Sophomores, on the other hand, are bringing this somewhat sour chapter to a close. Cliques have been firmly solidified, you probably have a general idea of what you want to study here, you've found some sort of extra-curricular niche, and you may even have plans (if you're smart) to go abroad or take a leave of absence next year. You can look forward to a somewhat variable and uncertain year, where a third of your friends will be the president/editor/pitch/captain/janitor of the Yale Intramural Frogball Journal, a third will be away from Connecticut doing something more exciting than you, and the other third will just be marking time. Of the two-thirds still in New Haven, half will be annexed and half will be off campus. It's a strange year, but it can be extremely worthwhile if you do it right.
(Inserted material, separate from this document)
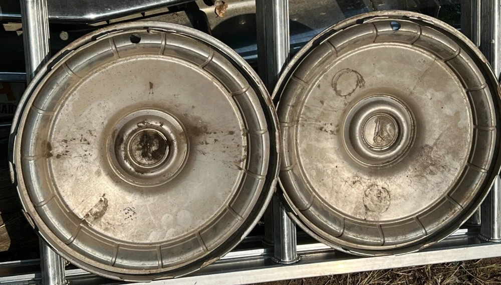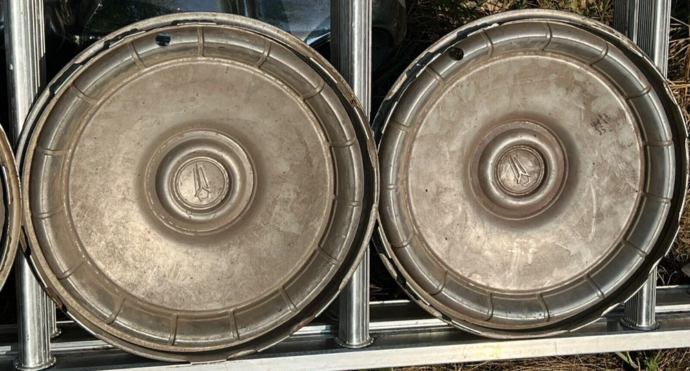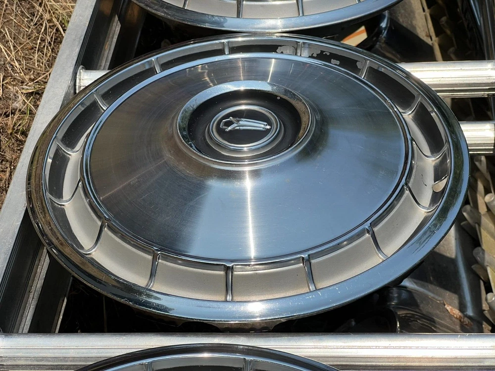 SET OF FOUR MOPAR HUBCAPS. NICE USED CONDITION. MINOR BLEMISHES. USE CLOSEUP VIEWER TO BEST DETERMINE CONDITION

Juniors mistakenly believe that they should be excited about next year. They are psyched to live in guaranteed singles, they are ready to take the reins of Yale from the Class of '98, and they are more than ready to turn 21.

Allow me to shatter some of your illusions. You will be pissed off that you still have to fulfill that annoying distributional requirement. You will spend an enormous portion of your time either pursuing a post-graduation job/education or panicking that you haven't got one. And if you have a huge senior project, well, have fun ("How I spent my last Spring Break..."). Meanwhile, ladies, if you've already eliminated all possibility of dating someone in your own class, then you'll have your pick of the lowly underclassmen (senior men, of course, don't mind this at all). Future seniors, enjoy the spacious living, enjoy the ease with which you get into chosen seminars, and enjoy the scattered senior events. But most of all, enjoy the bars...as often as you can.
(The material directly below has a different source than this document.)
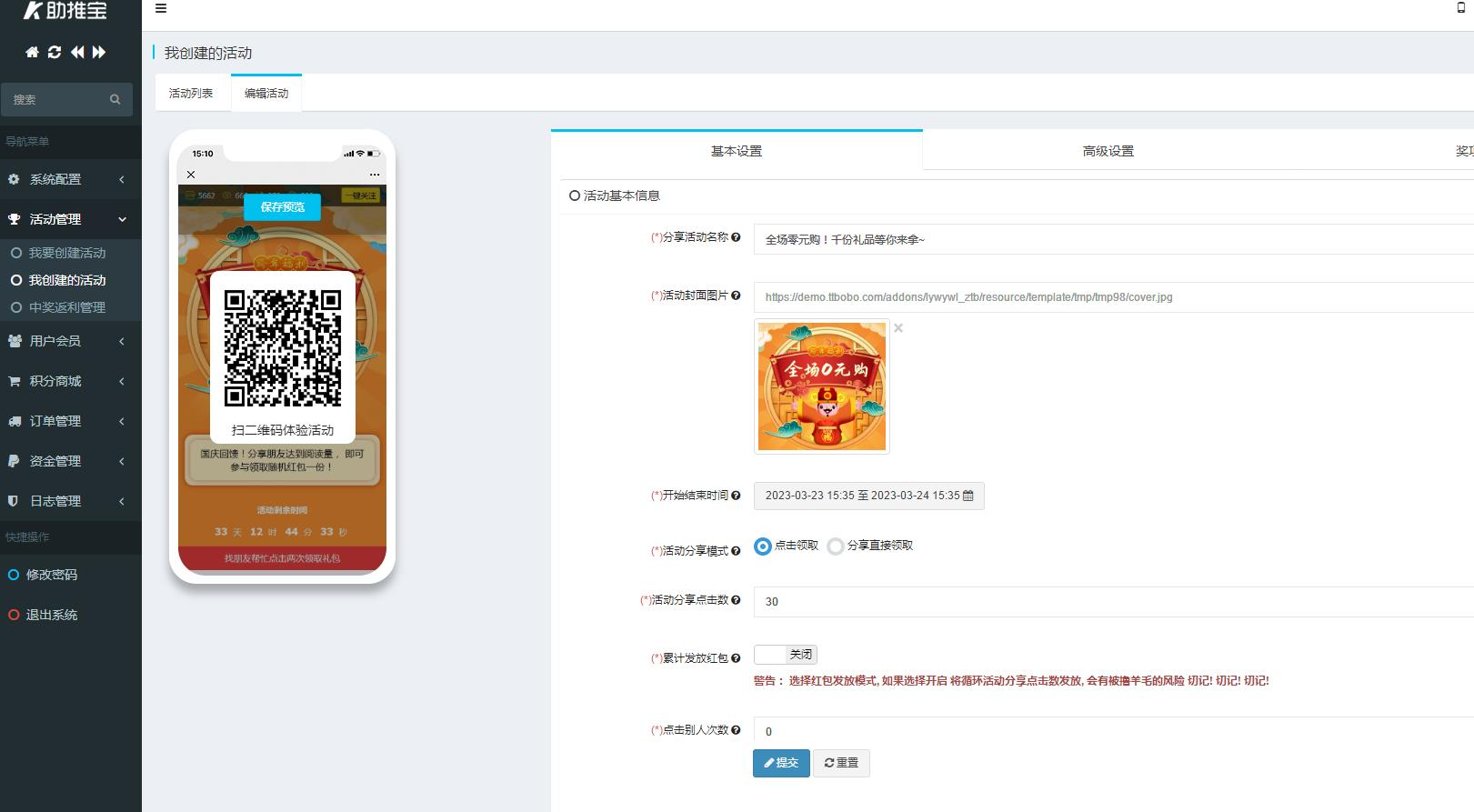 PC端商户中或手机端商户均可创建活动,以下为前端商户中心演示

And as for my own classmates? Four categories:

1. People who know exactly what they're doing next year. Everyone else hates these people. If you see anyone face down on Elm Street with a brick jutting out of his or her skull, chances are it's one of these seniors.

2. People who know they're doing something, but are still deciding where to do it--seniors in a comfy limbo.

3. People who are scrounging around for something to do next year, and have no "comfy" cushion. Hopefully they're not trying to finish (or start) their senior essay at the same time. When in doubt, get on the web and send out another résumé.

4. People who have no clue, and just don't care--you're an adult looking forward to waiting on tables or to "Junior, pick your socks up off the floor and come downstairs for breakfast!"

Meanwhile, your sophomore girlfriend of two months is starting to wonder "where this relationship is heading," Dead Week plans are being finalized, senior essay deadlines are drawing near, and the frenzied need to soak up the last bits of The Yale Experience will only get more intense (either that, or you can't wait to finally get out of this place). My only advice is to avoid talking to your parents as much as possible.

Given these four years of Yale, a prefrosh might wonder why so many of us have had such a great time. The short answer is, we're not at Harvard. A slightly longer answer might be that despite the stress, the bureaucracy, the grime, the forced humility, the torpid dating scene, and the recurring confrontations with the Spectre of Real Life, there is no better place on Earth to enrich yourself socially, intellectually, and culturally. Seniors look unhappy only because they know that Yale has been an unbeatable experience...but they also know that this experience has prepared them well for a great future.

Still, that doesn't mean I'll donate any more money.